О том, что я принята в студию, я сказала отцу только после первого занятия. Мое сообщение взволновало его, но поздравил он меня сдержанно: «Старайся, надейся, увидим».
Всех учеников Зинаиды Сергеевны я уже знала, и они меня тоже. Приняли меня хорошо, особенно Володя Красюк – племянник Константина Сергеевича по сестре Анне Сергеевне Штекер. А ее дочь – Милуша Штекер – работала в Художественном театре помощником режиссера.
Анна Сергеевна Штекер была замужем за влиятельным, богатым человеком. В молодости участвовала в Алексеевском «Кружке искусства и литературы» и после открытия Художественного общедоступного театра еще продолжала играть, но недолго. Кроме Людмилы и Володи у нее было несколько детей, двое старших – Андрей и Соня – умерли от туберкулеза. Я хорошо знала Георгия – Гоню. Он был женат на прелестной Кате Сапожниковой – Китри. И мы с Гоней и Китри одно время очень дружили. Был еще и Глеб, но я его знала очень мало.
Ходили слухи, что рассказ А. П. Чехова «Живая хронология» написан с Анны Сергеевны Штекер. Как-то я, восхищаясь портретом юной Людмилы, сказала: «Итальянская головка!» А Людмила в ответ: «А я от заезжего итальянца!»
К старости Анна Сергеевна стала очень строга, все следила за «приличиями» и осуждала «вольное» поведение молодежи, а уж мы-то под строгим взглядом ее сестры – «Бабы Зины», как любя ее все называли, были как овцы – ходили по струнке. Сама же Зинаида Сергеевна, оставшись рано вдовой с маленькой дочерью, очень строго вдовела, ничем не напоминая свою младшую сестру.

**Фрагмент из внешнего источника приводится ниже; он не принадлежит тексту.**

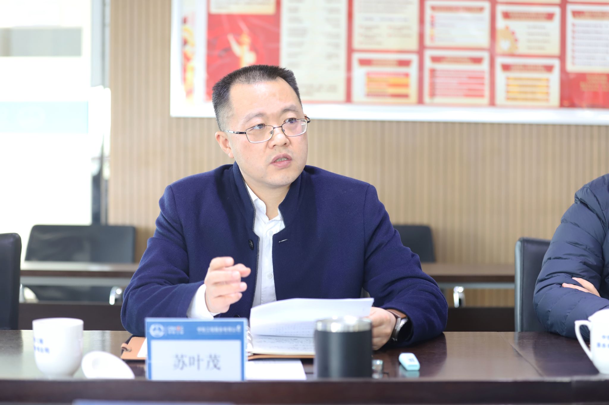 一行人员进行热情接待并组织了座谈交流。在座谈交流开始环节,中铁工服党委书记苏叶茂就参会人员做相关介绍,而后就中铁工服的发展历程和前景、业务范围、人才需求、培养机制、社会荣誉等方面做了详细说明介绍。值得一提的是,苏总作为交大的本科校友,经管学院MBA院友,也回顾了在校学习、企业工作的情况,并深切表达了对母校和老师的感恩之情。

Ко времени моего поступления в класс Зинаиды Сергеевны у нее уже обучались Н. Богоявленская, Г. Шостко, Т. Любимова, В. Красюк, Кристи (впоследствии довольно известный театровед) и заканчивал учение А. Абрикосов, ставший позднее артистом Вахтанговского театра. Остальных, к стыду своему, боюсь перепутать, некоторые из них в 1935 году перешли в новую студию Константина Сергеевича – Оперно-драматическую. Эго было ядро будущего драматического театра имени Станиславского, что на Тверской улице.